Reflexión agustiniana

Escrito el 25/05/2024
Agustinos


La paz en la ciudad terrena y en la celeste

Los que aman los bienes de esta tierra constituyen una comunidad que solemos llamar la ciudad terrena y que se dedican a los valores y bienes de este mundo: “No obstante, sean cualesquiera sus intereses, si se trata de un conjunto no de bestias, sino de seres racionales, y está asociado en virtud de la participación armoniosa de los bienes que le interesan, se puede llamar pueblo con todo derecho. Y se tratará de un pueblo tanto mejor cuanto su concordia sea sobre intereses más nobles, y tanto peor cuanto más bajos sean estos” (La ciudad de Dios 19, 24). Esta paz que está cimentada en valores temporales y en bienes materiales, evidentemente es débil e incompleta, ya que no se tiene en cuenta los valores eternos y no hay verdadera unidad de corazones. La justicia que de aquí nace se fundamenta en el propio interés y no en el respeto a los derechos de los demás: “Estos se dan la paz para poder gozar, no de Dios, sino del mundo sin las incomodidades de los pleitos y de las guerras; y cuando dan paz a los justos, cesando de perseguirlos, no puede ser una paz verdadera, porque están desunidos los corazones. Pues, así como se llama consorte a aquel que une a otro su suerte, del mismo modo se llama concorde al que tiene el corazón unido a otro. Y nosotros, carísimos, a quienes Cristo deja la paz, y da su paz, no como la da el mundo, sino como la da el que hizo el mundo, para tener concordia, unamos nuestros corazones en un solo y levantémoslos al cielo para que no se corrompan en la tierra” (Comentario a Juan 77, 5).

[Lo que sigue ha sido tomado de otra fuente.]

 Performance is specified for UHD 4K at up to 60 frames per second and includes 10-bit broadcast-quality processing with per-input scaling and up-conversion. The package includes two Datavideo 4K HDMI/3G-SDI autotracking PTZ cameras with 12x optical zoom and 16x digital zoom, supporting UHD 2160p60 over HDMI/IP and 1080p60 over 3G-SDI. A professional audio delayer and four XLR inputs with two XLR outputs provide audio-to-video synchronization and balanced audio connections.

En esta sociedad se busca la felicidad, se quiere la paz: “¡Cuánto más el hombre se siente de algún modo impulsado por las leyes de su naturaleza a formar sociedad con los demás hombres y a vivir en paz con todos ellos en lo que esté de su mano! ¡Si hasta los mismos malvados emprenden la guerra en busca de la paz para los suyos! Si les fuera posible, someterían bajo su dominio a todos los hombres para que todo y todos estuvieran al servicio de uno sólo. ¿Qué les mueve sino el que acepten estar en paz con él, sea por amor, sea por temor? ¡He aquí cómo la soberbia trata de ser una perversa imitación de Dios! Detesta que bajo su dominio se establezca una igualdad común, y, en cambio, trata de imponer su propia dominación a sus iguales en el puesto de Dios. Detesta la justa paz de Dios y ama la inicua paz impuesta por ella misma. Pero lo que no puede lograr de manera alguna es dejar de amar la paz de una forma u otra” (La ciudad de Dios 19,12, 2).

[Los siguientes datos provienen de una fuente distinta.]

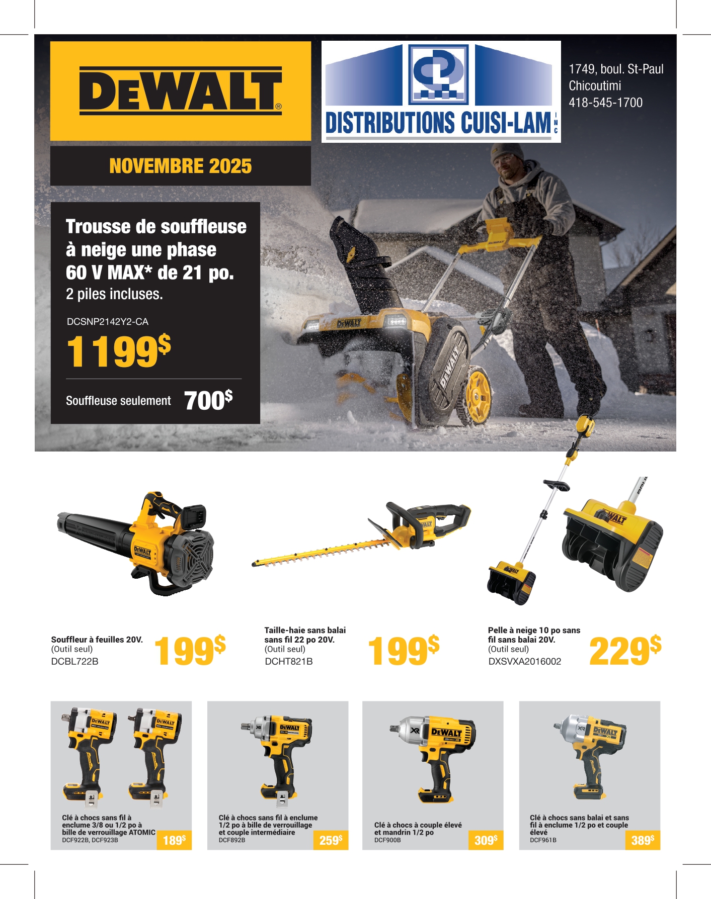 - Outils Dewalt , Stanley, Delta, Porter Cable , Topring, Bessey et Freud

Esta paz no es un bien despreciable, aunque sea frágil, viene siempre acompañada de otros bienes y secundada por otros dones y es Dios mismo el que da la fuerza para custodiarla: “Dios el autor sapientísimo, y el justísimo regulador de todo ser, ha puesto a este mortal género humano como el más bello ornato de toda la tierra. Él ha otorgado al hombre determinados bienes apropiados para esta vida: la paz temporal a la medida de la vida mortal en su mismo bienestar y seguridad, así como en la vida social con sus semejantes, y, además, todo aquello que es necesario para la protección o la recuperación de esta paz, como es todo lo que de una manera adecuada y conveniente está al alcance de nuestros sentidos: la luz, la oscuridad, el aire puro, las aguas limpias y cuanto nos sirve para alimentar, cubrir, cuidar y adornar nuestro cuerpo. Pero todo ello con una condición justísima: que todo el mortal que haga recto uso de tales bienes, de acuerdo con la paz de los mortales, recibirá bienes más abundantes y mejores, a saber: la paz misma de la inmortalidad, con una gloria y un honor de acuerdo con ella en la vida eterna con el fin de gozar de Dios y del prójimo en Dios” (La ciudad de Dios 19, 13, 2).